Коллективчик подобрался довольно пестрый — и Серегин, и Повзло сами-то не заканчивали факультет журналистики, а потому и полагали, что искать людей нужно не среди «профессионалов по диплому», а среди тех, кто любит определенный образ жизни и способен хоть что-то связно излагать ручкой на бумаге…

Начинали со скрипом — Андрей поначалу не мог понять, что его собственные идеи хорошо понятны лишь ему одному (сколько он с ними прожил, как он их вынянчивал!), а ребята далеко не всегда сразу врубались в то, чего хочет от них начальник.

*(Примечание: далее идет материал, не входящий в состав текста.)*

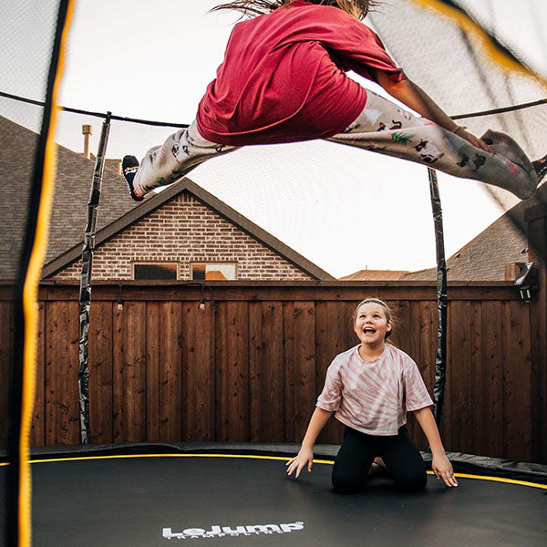 Dieser Sommer wurde gerade ein wenig lustiger! Die Mädchen haben dieses tolle Trampolin von LeJump bekommen. Sie lieben es sehr und können all ihre Energie loswerden.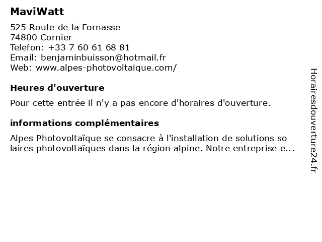 1 MaviWatt (Distance: 13,13 km)59 Impasse du Clos des Sauges, 74570 Fillière maviwatt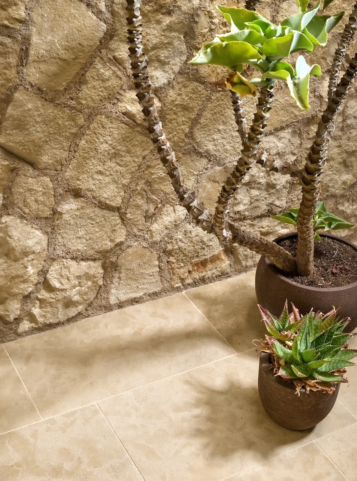 Newly quarried Marra limestone has a rich beige color with pronounced variation and a smoother, slightly textured surface. A versatile stone that is suitable for a wide range of styles.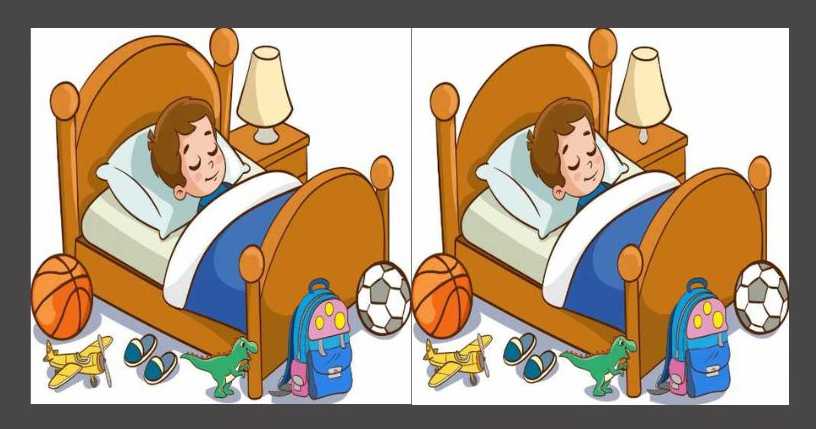 This spot the difference challenge features two identical pictures of a boy sleeping on a bed.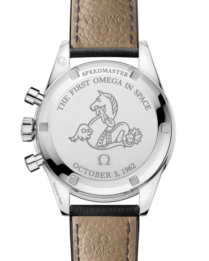 A vintage OMEGA logo is applied on the dial, as well as on the crown, while the caseback features the famous Seahorse medallion, and the engravings, “THE FIRST OMEGA IN SPACE” and “OCTOBER 3, 1962”.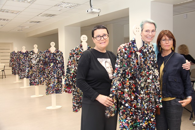 Parodų salės sienas papuošė emigrantų šeimose gimusių kūdikių drabužėliai, siuvinėti sagomis, dukters sukurtas sagų kaklaraištis tėveliui, kuris darbuojasi užsienyje. Švedijoje gyvenanti meilės emigrantė iš Panevėžio Ligita Umantė-Butkuvienė dekoravo sagomis aukštakulnius.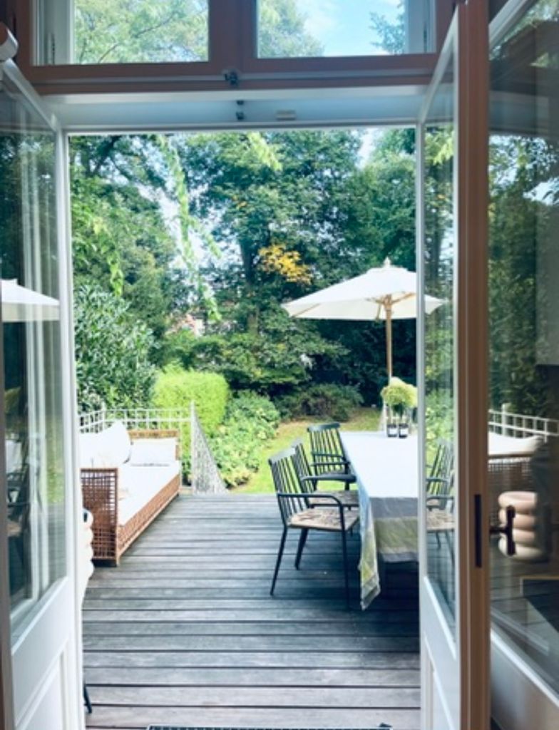 Es handelt sich um eine rosafarbene, grosszügig geschnittene Villa. Im Hochparterre befinden sich eine große Küche mit anschließender Terrasse und Zugang zum sehr großen Garten., Wohnzimmer, Esszimmer mit Flügeltüren verbunden, einem Büro, einem Fernsehzimmer und einem Gäste-WC. Außerdem gibt es eine weitere Terrasse nach vorne hin. Oben befinden sich 5 Schlafzimmer und 2 Bäder (eins davon en-suite), im Souterrain gibt es einen Kellerraum und einen Gästebereich mit großer Garderobe, Schlafzimmer und Gästebad.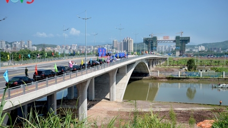 (VOVWORLD) - 北仑河二桥越南段长155米,中国段长460米,共有4条车道,总投资3360亿越盾。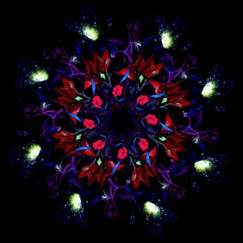 Issay Rodriguez, Cosmic Garden, collage of vegetable flowers photographed in UVIVF, 122 x 122 cm, 2022
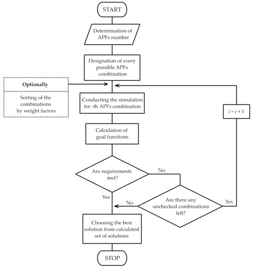 The problem of APF sizing and allocation has been solved using a brute force (BF) algorithm, which due to computation times is especially useful in the case of small-scale problems. In this paper, the BF algorithm allows us to find all solutions, including the global minimum, and evaluate the quality of solutions obtained by the decision tree (DT) algorithm. The block diagram of the BF algorithm has been presented in Figure 2.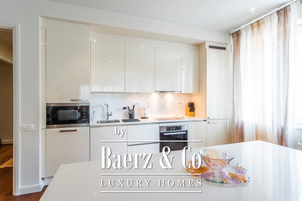 Apartment Tivat Center occupies a prime setting just 50 metres from the shoreline, offering a peaceful vantage in the heart of Tivat. This apartment presents the ideal blend of direct access to the Adriatic and proximity to all urban amenities, with the marina, local restaurants, and grocery shops within easy reach. The property spans 129m2 of interior space complemented by two terraces totalling 23m2, creating a living area of 152m2. Located on the first floor of a five-storey building, it offers a layout comprising a hallway, an open-plan living room with kitchen and dining area, two bedrooms, two bathrooms, and two terraces. Expansive sea and mountain views act as a constant backdrop.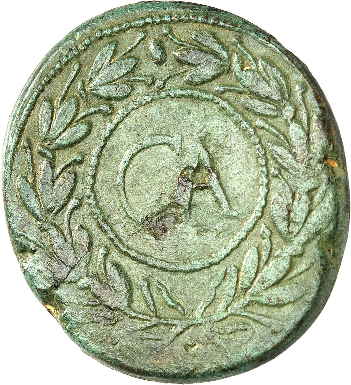 Rv. CA dans un grènetis, dans une couronne formée de deux branches.
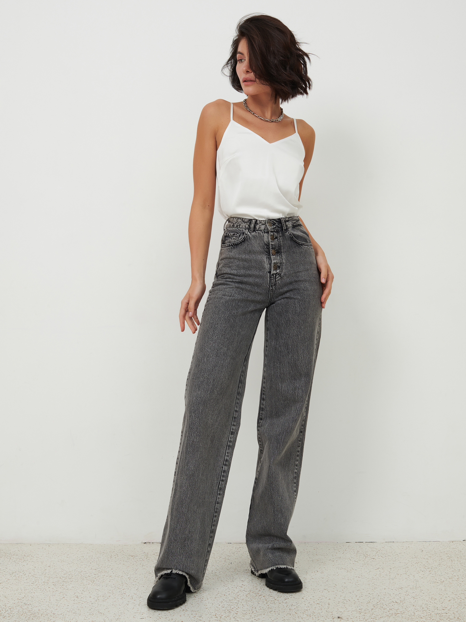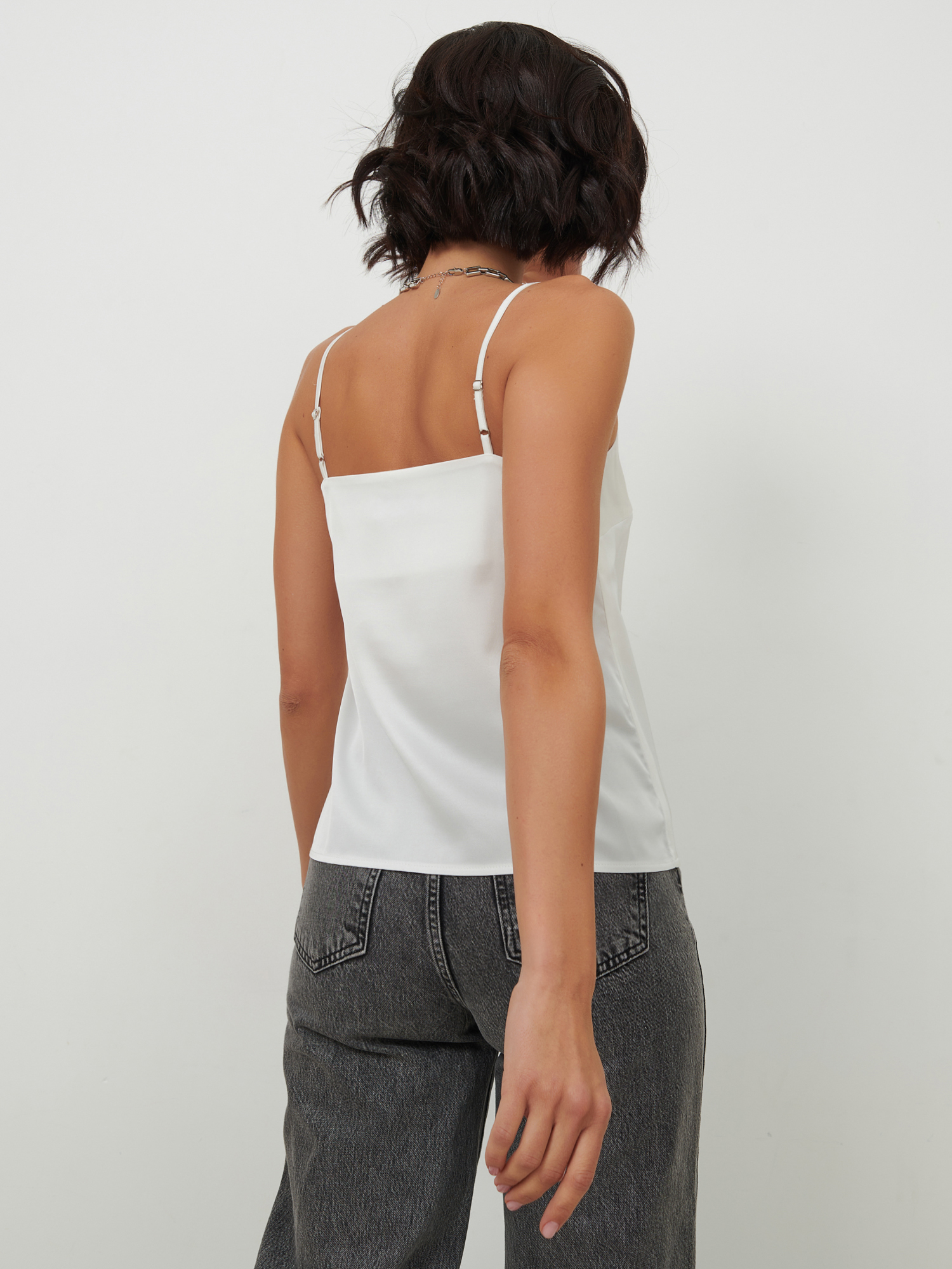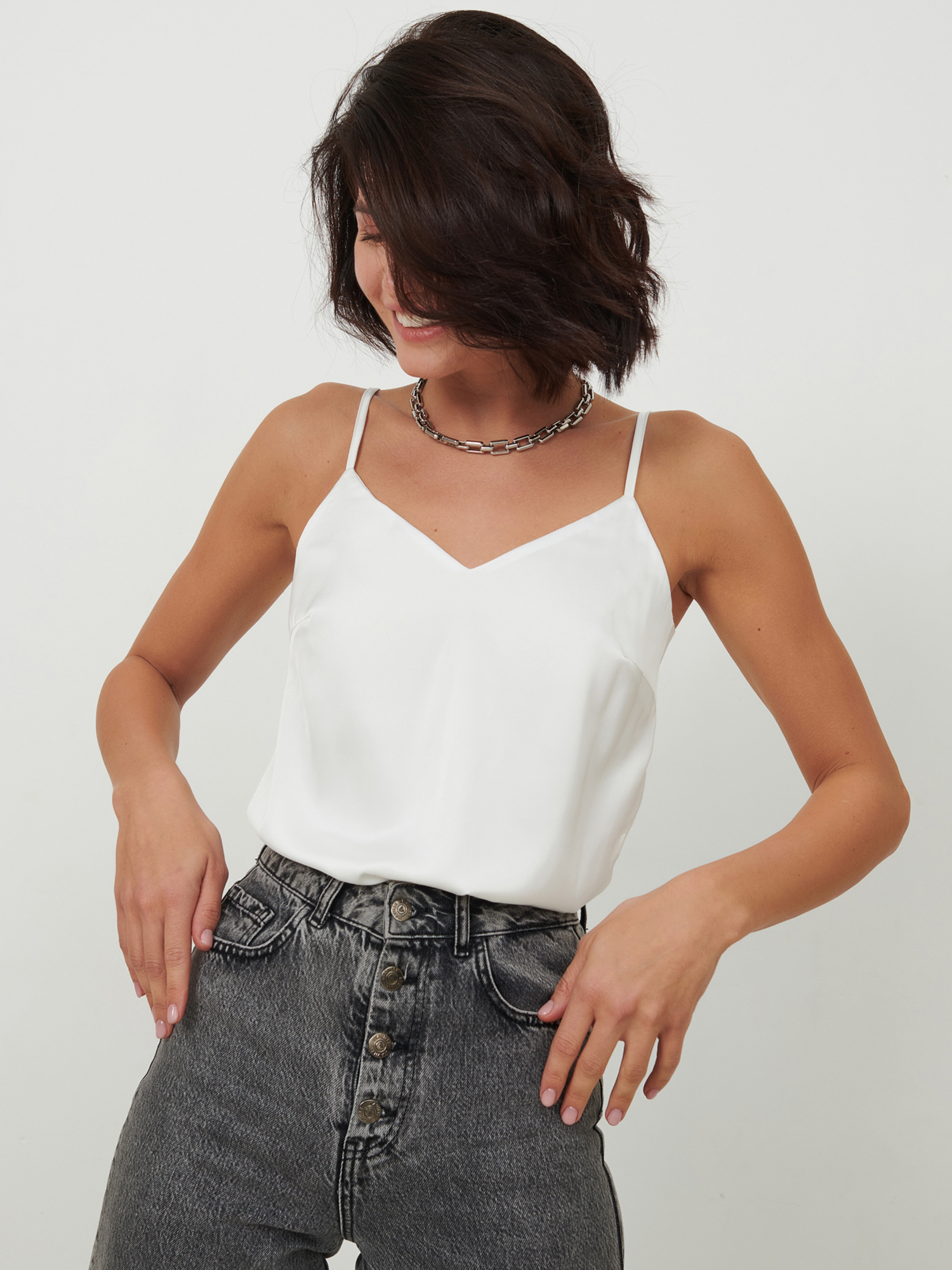 Топ базовый в бельевом стиле на бретелях прямого кроя с V образным вырезом "Кейт"в офис/классический черный

Серегин злился, заводился и даже орал иногда, но потом осознал все-таки одну простую истину: часто выполнение задачи зависит в первую очередь от ее грамотной постановки… Тем не менее, худо-бедно дело сдвинулось с мертвой точки, вышли и первые расследовательские материалы, и целые блоки репортерской информации в разных газетах. Службу заметили, начали названивать читатели, — в общем, резонанс в городе появился. Да и как ему было не появиться, если Серегин переманил к себе из разных газет все сливки криминальной журналистики Питера. Репортерский отдел возглавил Володя Соболин, расследовательский — Глебушка Спозоранник, и хотя Обнорский до их приглашения на работу в Службу знал ребят не очень близко, сработались они довольно быстро, хотя характеры у обоих были еще те. Но ведь и Обнорский подарком не был. Так что — сработались.

Но заработать в полную силу Служба не успела — в концерне «Реклама-Плюс» разразился кризис, и магнат, пряча глаза, уведомил Серегина, что платить им он почти ничего не сможет — остальные два компаньона сильно возражали, считали такую трату денег делом абсолютно никчемным, а следовательно вредным… Вот так… структура еще и года не проработала, и из ползункового возраста не вышла. Хорошо еще, что сразу на улицу не выгнали — разрешили несколько месяцев посидеть в занимаемых помещениях…

И вот тут, когда идея создания расследовательской службы, казалось, уже близка была к воплощению в жизнь, но эта жизнь получила удар поддых. Вот тут Обнорский разозлился. Собрав всех сотрудников, он честно обрисовал ситуацию, а потом сказал:

— Из любого кризиса возможны только два выхода: либо резко вверх, либо резко вниз. Мы сейчас в кризисе. Даже хуже — мы просто в жопе. Стало быть, либо мы развалимся и разбежимся, либо… Либо мы создадим свое собственное независимое агентство, в котором будет работать еще больше людей, и жить мы станем еще лучше и интереснее. Но, братки, любое счастье нужно выстрадать. Мне нужна ваша помощь и ваше терпение. Это в том случае, если, конечно, вы решите не разбегаться…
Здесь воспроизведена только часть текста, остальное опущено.